The man had blocked her way outside and said, “How can you refuse? Don’t you realize the outcome?” And she had replied with an asperity he had not expected, “For me any outcome is preferable to being married to you.”

After finishing her studies, she had wanted something to do to fill her spare time, so she had worked as a teacher. Chances to marry had come time after time, but she had turned her back on them all.

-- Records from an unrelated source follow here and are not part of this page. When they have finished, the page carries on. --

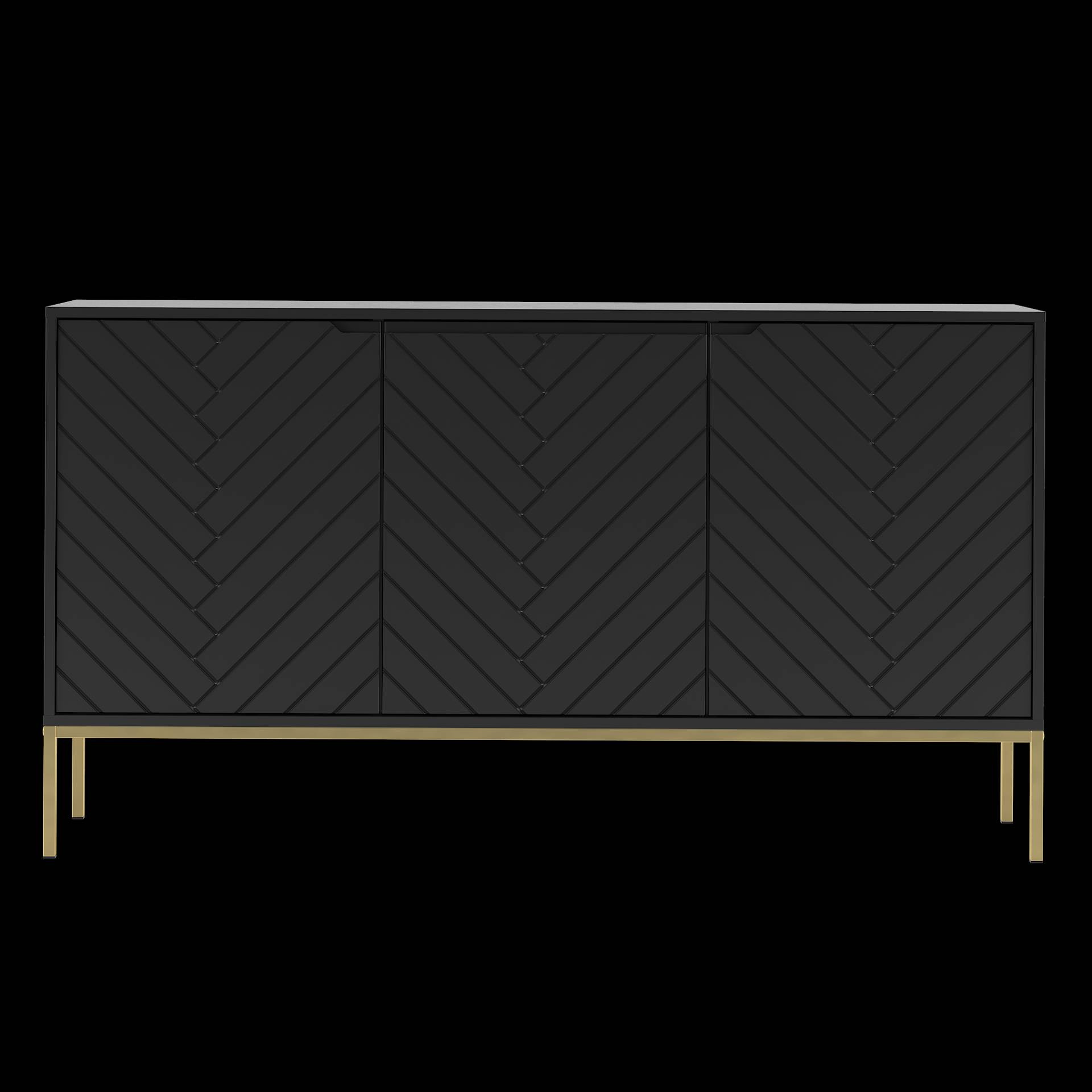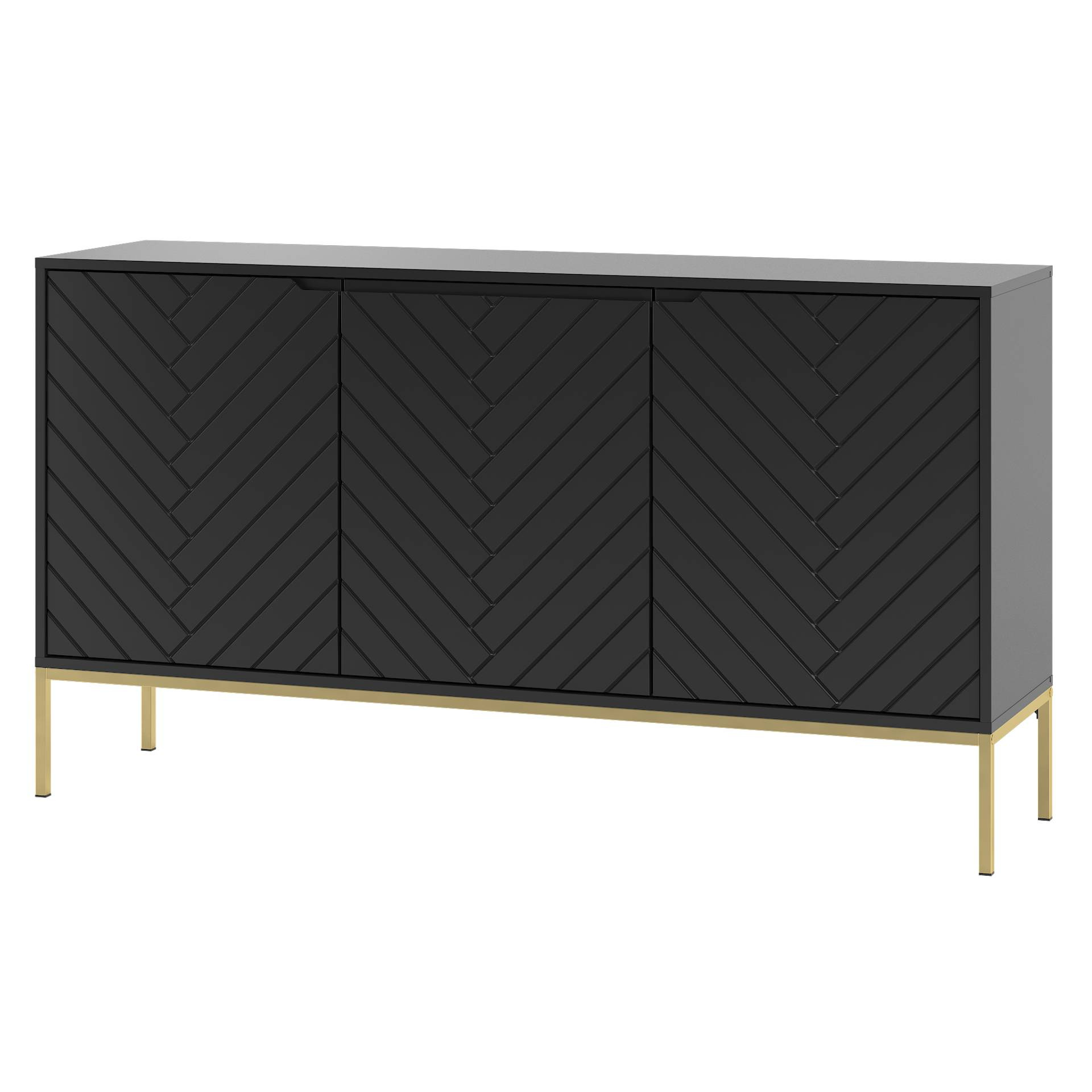 ASPEN-03 - Komoda 3-drzwiowa Czarny Mat Złoty Stelaż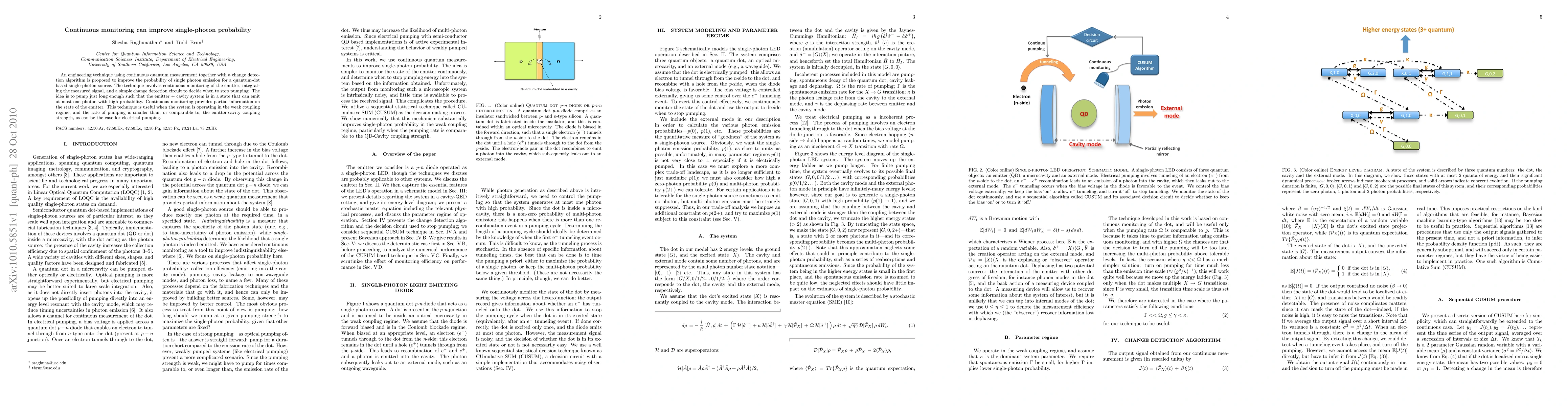 This paper proposes an engineering technique that uses continuous quantum measurement and a change detection algorithm to enhance the probability of single-photon emission from a quantum-dot based source. By continuously monitoring the emitter and employing a change detection circuit, the system can be pumped just long enough to achieve a state with high single-photon emission probability.
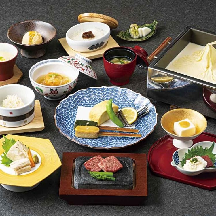 人気の引き上げ湯葉を含むコース

“Does no one please you?” her mother asked her.

“I know what I’m doing,” she had said gently.

“But time is going by.”

“Let it go as it pleases, I am content.”

*

Day by day she becomes older. She avoids love, fears it. With all her strength she hopes that life will pass calmly, peacefully, rather than happily. She goes on persuading herself that happiness is not confined to love and motherhood. Never has she regretted her firm decision. Who knows what the morrow holds? But she was certainly unhappy that he should again make his appearance in her life, that she would be dealing with him day after day, and that he would be making of the past a living and painful present.

Then, the first time he was alone with her in his room, he asked her, “How are you?”

She answered coldly, “I’m fine.”

He hesitated slightly before inquiring, “Have you not … I mean, did you get married?”

In the tone of someone intent on cutting short a conversation, she said, “I told you, I’m fine.”